= Guns! Guns! Guns! =

Role-playing game supplement

Cover of 2nd edition (1989)

Guns! Guns! Guns! is a supplement published by Blacksburg Tactical Research Center in 1991 for use with any role-playing game system.

==Contents==
Guns! Guns! Guns! provides step-by-step instructions on how to design virtual firearms for any roleplaying game system. Some of the parameters covered are damage value, projectile velocity, range limit, and barrel length. The book provides conversions of this data for eight different RPG systems, including GURPS and Torg.

==Publication history==
Guns! Guns! Guns! (also known as 3G) was written by Greg Porter and published by Blacksburg Tactical Research Center in 1988. The following year, a 55-page 2nd edition was published. This was followed in 1991 by a much expanded 92-page 3rd edition.

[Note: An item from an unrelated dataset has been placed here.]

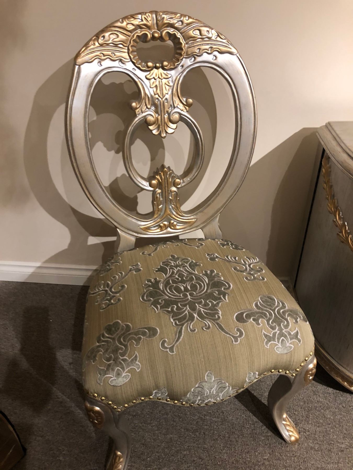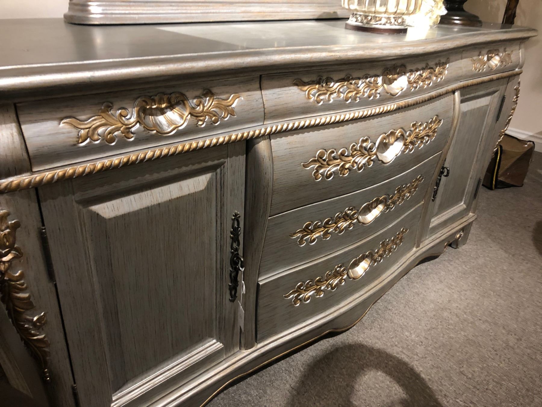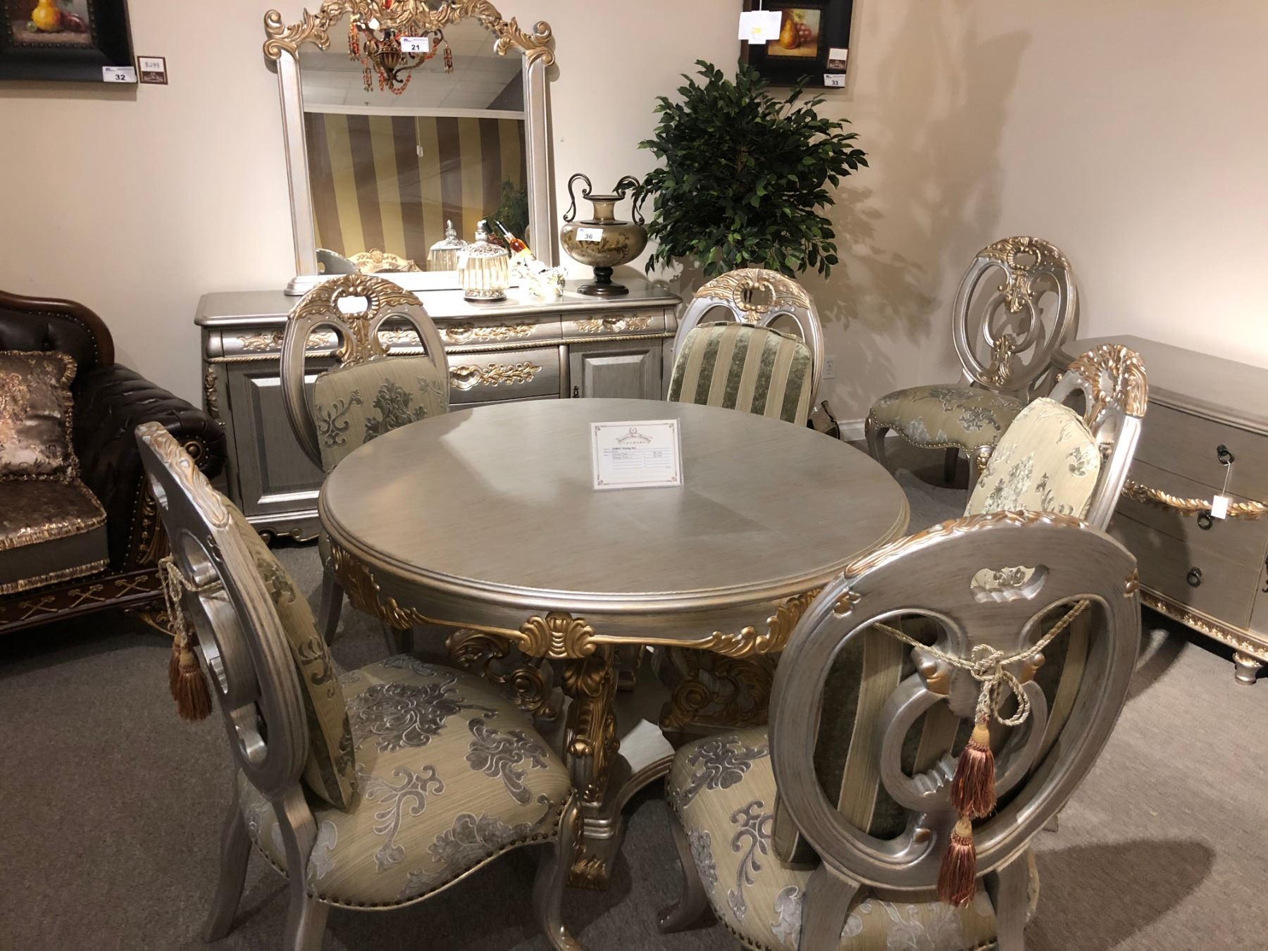 FORMAL DINING ROOM SET WITH ROUND TABLE, SIX CHAIRS AND MATCHING BUFFET WITH MIRROR RETAIL $17,000.00

The follow-up More Guns! was published in 1993, with additional rules and over 500 sample weapon designs for ten different game systems.

==Reception==
In the April 1993 edition of Dragon (Issue #192), Rick Swan called this book "fascinating but demanding", pointing out that the book's approach "has more in common with physics texts than game books." Swan concluded with a qualified recommendation, saying this book "can be scary if you’re still using your fingers to keep track of hit points. But for the mathematically inclined, Guns, Guns, Guns is worth investigating."

==Other reviews==
- Games Review, August 1989 (Vol. 1, Iss. 11, p. 26)
- Critical Miss, Summer 1999 (Issue 3)
- Casus Belli #106
- Abyss Quarterly #50 (Winter, 1992)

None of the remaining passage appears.